If symmetry information is given, it may be best to require giving the list of symmetry operations, which is what strict CIF files do to avoid ambiguity. In addition, spacegroup number, ML, and Hall symbol can also be allowed as optional go give. However, it is probably unwise to allow giving those, without also giving symmetry operations, since that would replicate issues found for less strict CIF files.

The question is how to represent symmetry operations. Some alternatives:

  1. The cif x,y,z format
  2. The cif x,y,z format, but with canonicalized individual symmetry operations (e.g., require translations to be [0-1), etc.
  3. The cif x,y,z format but with the complete set of symmetry operations canonicalized, e.g., by sorting alternative 2.
  4. Some other, more compact, format we come up with.

rartino avatar Jun 14 '18 19:06 rartino

Here is an argument for requiring a fully canonicalized output:

One of the reasons for a non-canonical output was that otherwise one would frequently have to deal with implementations that return incorrect output. However, 'unsorted' symmetry operations is far from the only error an implementation can do when returning symmetry operators. One easy mistake is to return a set of symmetry operators that just cannot be correct together. (Because there is only a finite number of total possibilities). If we require translation coefficients to be [0-1), it is easy to return operations that do not fulfill this, etc. Hence, to avoid incorrect output it would be good if this field can be properly validated by our json schemas to belong exactly to the set of possibilities.
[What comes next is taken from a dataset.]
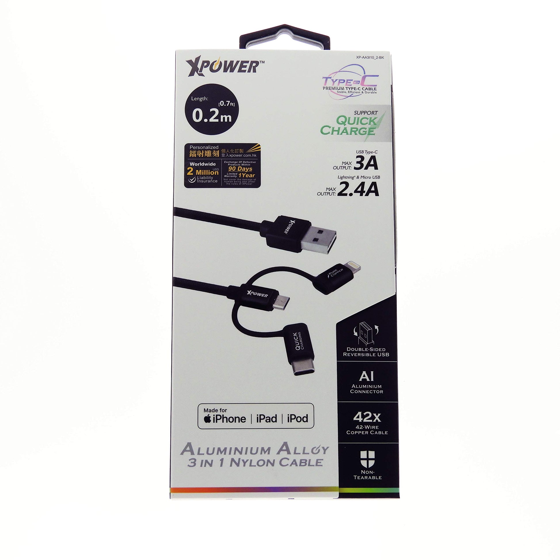 XPower 0.2m 3 in 1 Aluminium Alloy Cable (Type-c+microusb+mfi) (Black)

If we require a canonical output (e.g., by a sorted list of operations), then one of us with a framework that uses complete sets of symmetry operations can just generate a list of ALL valid combinations of symmetry operations and we can put that in a schema and say: "The output MUST be exactly one of these alternatives". This is easy to validate. An unsorted list of operations (and possibly with several possibilities for coefficients that mean the same thing) is not easy to validate.

rartino avatar Jun 15 '18 05:06 rartino

can just generate a list of ALL valid combinations of symmetry operations and we can put that in a schema and say: "The output MUST be exactly one of these alternatives".

I suspect this will be impractical since the list of combinations will be huge beyond manageability...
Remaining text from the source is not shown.